• What is needed: Write out exactly the lines below starting at the one containing "- A cierta distancia" and ending at the one containing "This tee is". Omit every picture.

[Data for the task — start]

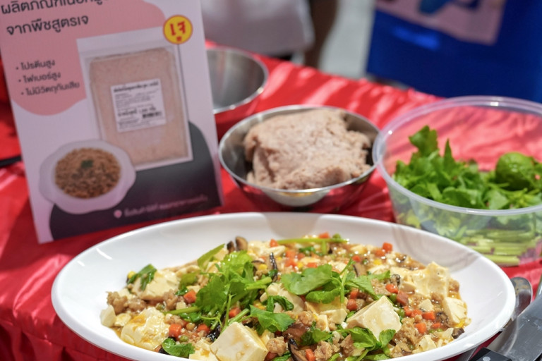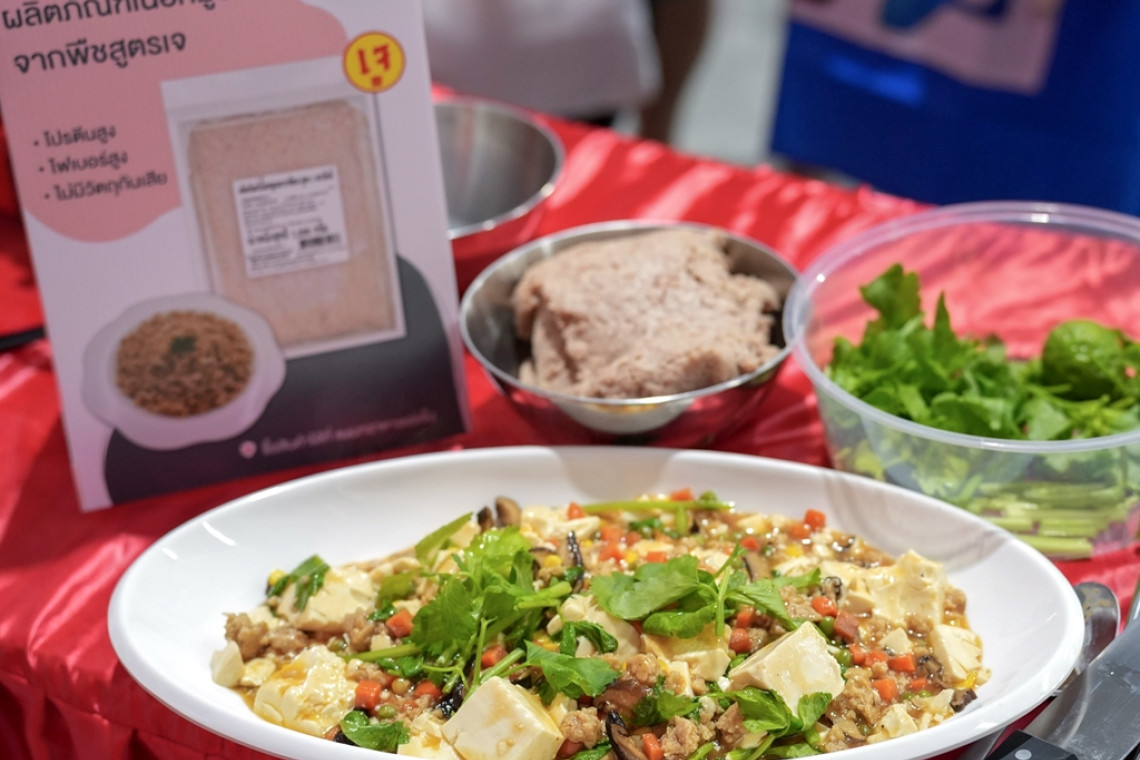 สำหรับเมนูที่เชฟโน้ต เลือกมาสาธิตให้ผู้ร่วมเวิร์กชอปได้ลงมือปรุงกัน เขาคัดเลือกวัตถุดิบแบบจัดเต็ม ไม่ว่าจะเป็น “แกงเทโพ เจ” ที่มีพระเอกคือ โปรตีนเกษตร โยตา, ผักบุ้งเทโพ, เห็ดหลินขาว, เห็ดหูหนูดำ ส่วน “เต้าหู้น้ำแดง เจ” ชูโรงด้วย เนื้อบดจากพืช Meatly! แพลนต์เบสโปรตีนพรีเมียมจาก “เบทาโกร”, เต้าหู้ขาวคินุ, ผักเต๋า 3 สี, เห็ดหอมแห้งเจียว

[Data for the task — finish]
[Data for the task — start]

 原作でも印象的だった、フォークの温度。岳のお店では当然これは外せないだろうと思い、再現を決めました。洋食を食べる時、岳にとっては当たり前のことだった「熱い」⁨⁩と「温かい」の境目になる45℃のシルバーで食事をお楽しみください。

[Data for the task — finish]
[Data for the task — start]

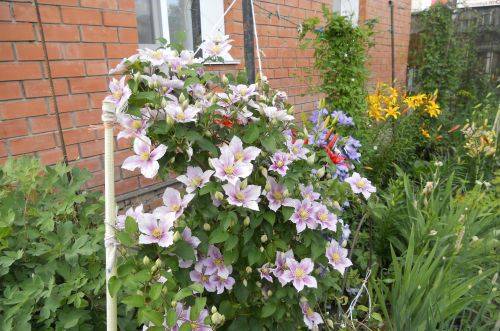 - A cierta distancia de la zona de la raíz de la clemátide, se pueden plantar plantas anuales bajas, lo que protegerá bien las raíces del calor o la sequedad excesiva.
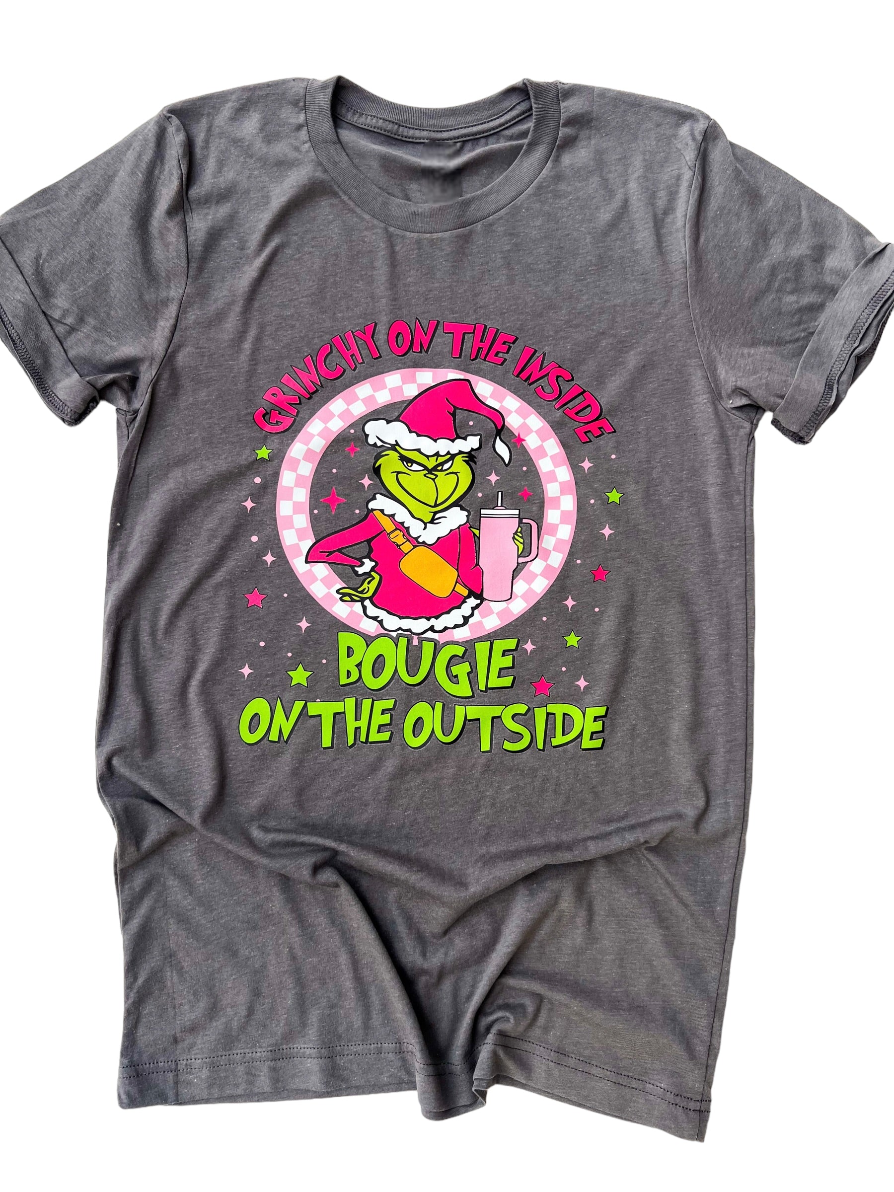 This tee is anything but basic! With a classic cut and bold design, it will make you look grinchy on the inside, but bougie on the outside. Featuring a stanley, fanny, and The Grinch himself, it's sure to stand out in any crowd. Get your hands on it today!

[Data for the task — finish]

• Completed exercise:
 - A cierta distancia de la zona de la raíz de la clemátide, se pueden plantar plantas anuales bajas, lo que protegerá bien las raíces del calor o la sequedad excesiva.
 This tee is anything but basic! With a classic cut and bold design, it will make you look grinchy on the inside, but bougie on the outside. Featuring a stanley, fanny, and The Grinch himself, it's sure to stand out in any crowd. Get your hands on it today!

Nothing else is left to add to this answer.